*Excerpted data*.
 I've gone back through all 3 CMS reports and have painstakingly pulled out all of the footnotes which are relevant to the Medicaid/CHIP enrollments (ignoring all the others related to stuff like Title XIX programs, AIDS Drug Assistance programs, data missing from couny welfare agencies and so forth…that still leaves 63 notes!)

...

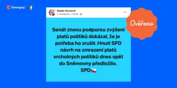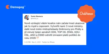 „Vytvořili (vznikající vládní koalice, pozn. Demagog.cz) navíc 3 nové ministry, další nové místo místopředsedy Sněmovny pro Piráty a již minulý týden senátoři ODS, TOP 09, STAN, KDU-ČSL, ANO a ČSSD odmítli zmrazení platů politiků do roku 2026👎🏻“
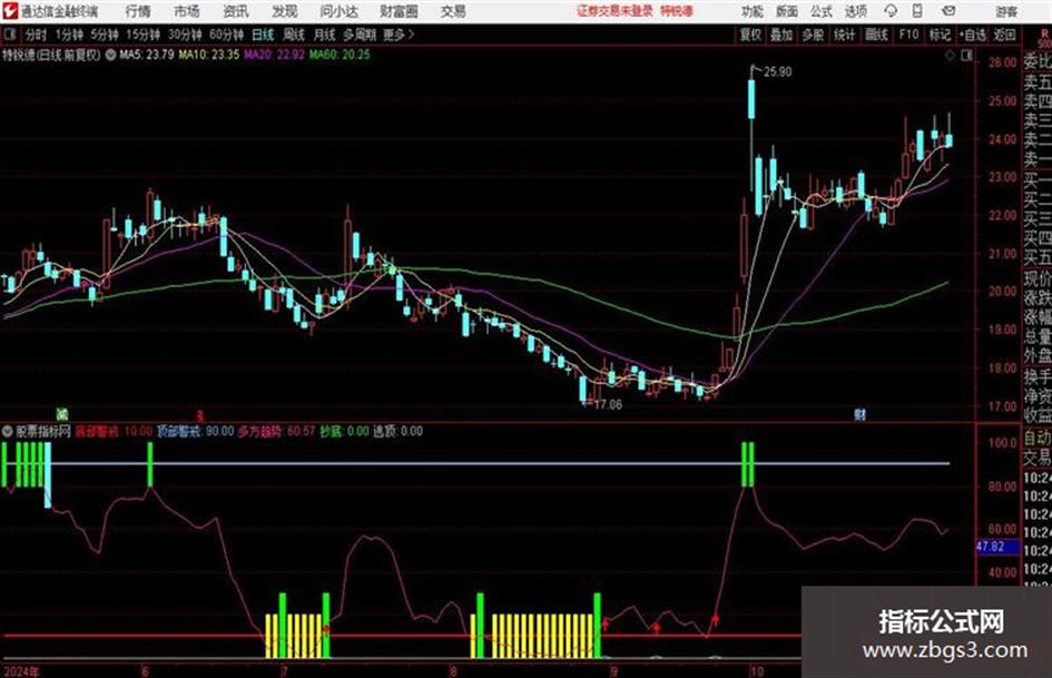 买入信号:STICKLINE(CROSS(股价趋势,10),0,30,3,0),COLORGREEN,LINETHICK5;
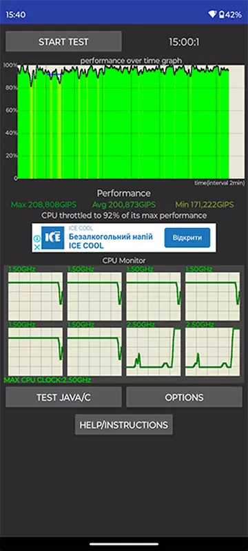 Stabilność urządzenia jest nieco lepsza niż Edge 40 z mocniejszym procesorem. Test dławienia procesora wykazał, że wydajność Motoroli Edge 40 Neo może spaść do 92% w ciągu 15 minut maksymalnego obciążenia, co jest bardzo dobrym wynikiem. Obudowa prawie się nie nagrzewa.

...

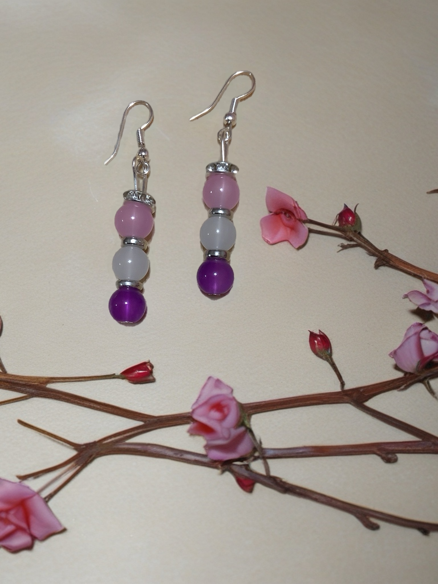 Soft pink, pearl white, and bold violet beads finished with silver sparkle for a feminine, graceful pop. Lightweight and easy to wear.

*Work request*. Above are entries with pictures among them. Write out exactly the lines from the one containing "vládní koalice, pozn." through the one containing "Stabilność urządzenia jest", ends included, and leave those pictures out.

*Answer space*.
 „Vytvořili (vznikající vládní koalice, pozn. Demagog.cz) navíc 3 nové ministry, další nové místo místopředsedy Sněmovny pro Piráty a již minulý týden senátoři ODS, TOP 09, STAN, KDU-ČSL, ANO a ČSSD odmítli zmrazení platů politiků do roku 2026👎🏻“
 买入信号:STICKLINE(CROSS(股价趋势,10),0,30,3,0),COLORGREEN,LINETHICK5;
 Stabilność urządzenia jest nieco lepsza niż Edge 40 z mocniejszym procesorem. Test dławienia procesora wykazał, że wydajność Motoroli Edge 40 Neo może spaść do 92% w ciągu 15 minut maksymalnego obciążenia, co jest bardzo dobrym wynikiem. Obudowa prawie się nie nagrzewa.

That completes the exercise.